Even though the UK property market has held up fairly well in light of Brexit difficulties, it is difficult to find any real areas of growth. Or is it? Student accommodation has changed dramatically over the last 20 years or so. The type and quality of accommodation now available is night and day compared to that of years gone by. Gone are the damp and dingy flats, the non-existent decor and minimal furniture, in place we have purpose-built student accommodation buildings with communal areas and private facilities.
Which cities have the most universities?
A recent report confirmed that there are many cities throughout the UK which have multiple high quality universities. There is also an array of world-class research facilities up and down the country which offer further opportunities to market student like accommodation. The UK cities with the largest number of universities are as follows:
• London, 40
• Birmingham, 6
• Glasgow, 6
• Edinburgh, 6
• Leeds, 5
• Manchester, 5
• Liverpool, 4
• Belfast, 3
• Newcastle, 2
• Sheffield, 2
Birmingham is an area of the UK which has attracted major interest from student accommodation property developers in recent times. It has a first-class travel network, booming economy, low unemployment and even in light of Brexit difficulties is set for further growth in the short to medium term. However, these figures in isolation do not tell the whole picture.
Universities per 100,000 population
If we look at the prospects for student accommodation by comparing the number of universities per 100,000 population this casts a very different light of the situation.
• Cambridge, 2 universities/1.6 per 100,000 population
• Dundee, 2 universities/1.4 per 100,000 population
• Oxford, 2 universities/1.2 per 100,000 population
• Edinburgh, 6 universities/1.2 per 100,000 population
• York, 2 universities/1.0 per 100,000 population
• Aberdeen, 2 universities/0.9 per 100,000 population
• Exeter, 1 university/0.8 per 100,000 population
• Plymouth, 2 universities/0.8 per 100,000 population
• Norwich, 2 universities/0.8 per 100,000 population
• Ipswich, 1 university/0.8 per 100,000 population
You will notice that only Edinburgh appears in both lists however it is not top of the list. So, on this basis Cambridge seems to offer the best value although Edinburgh offers good value and has six universities.
Impact on property prices
It is common knowledge that popular university cities seem to fare better than average when it comes to house price appreciation. It is not only the fact that these cities attract significant numbers of students but also the knock-on effect to services and local economies. For example, we know that 49% of students who study in Birmingham will stay in the city once they have graduated. This leads to an ever-growing local economy and demand for more and more student accommodation with flats effectively taken out of the equation each year by those who leave university and remain in the city.

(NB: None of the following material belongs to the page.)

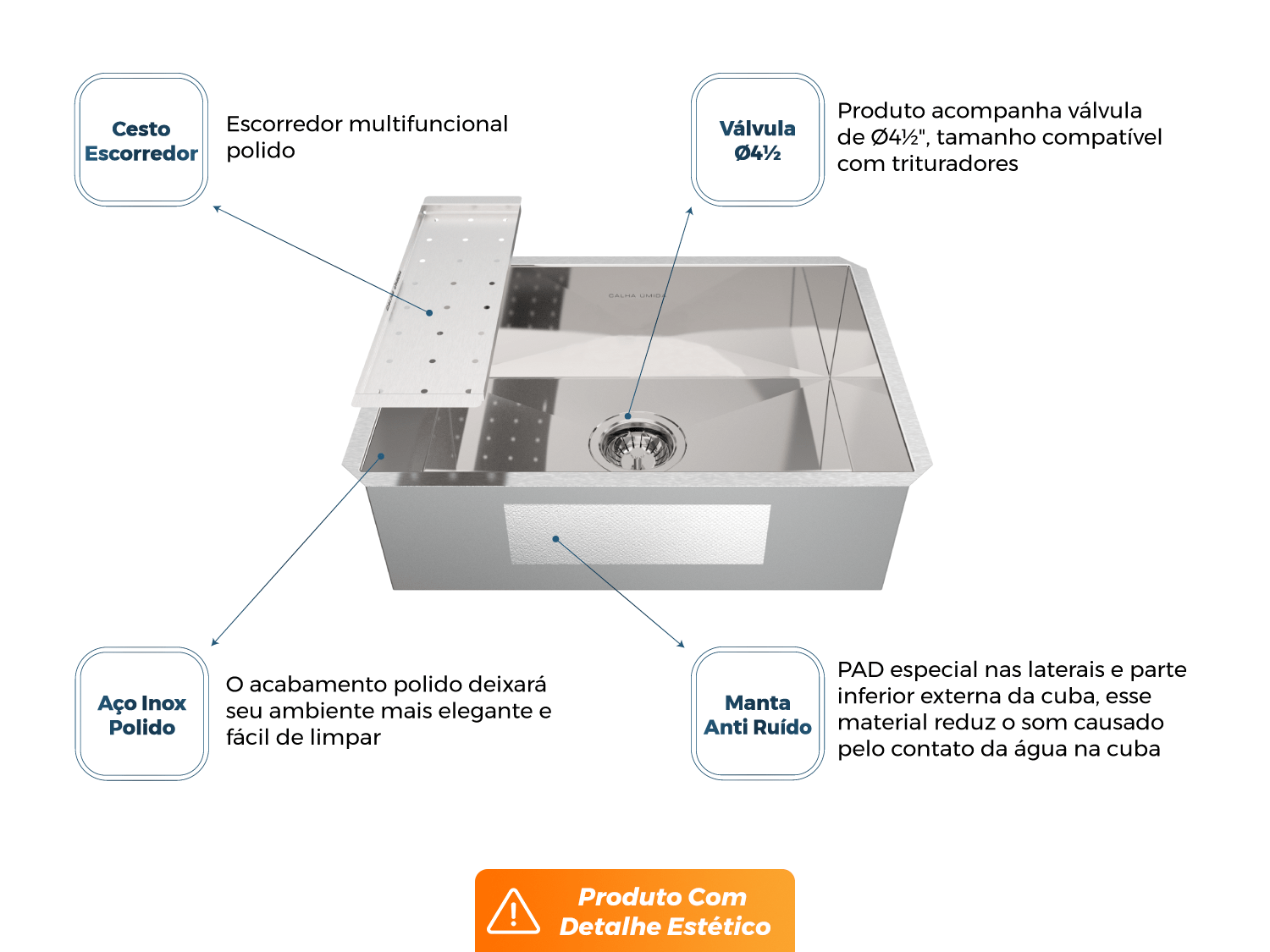 e espaços gourmet, fabricada em aço inox polido, ela vai fazer um excelente

There is some concern about how Brexit will impact the number of overseas students coming to the UK but in many ways this is a red herring. Contrary to popular belief, the UK is not closing its doors to immigration but simply transferring current non-EU immigration policies to those coming from the European Union in the future. We also know that further education is popular when economies are booming and also when economies are struggling. In some ways it is difficult to see any negative aspects when looking at student accommodation. However, it is worth pointing out this is a very competitive marketplace.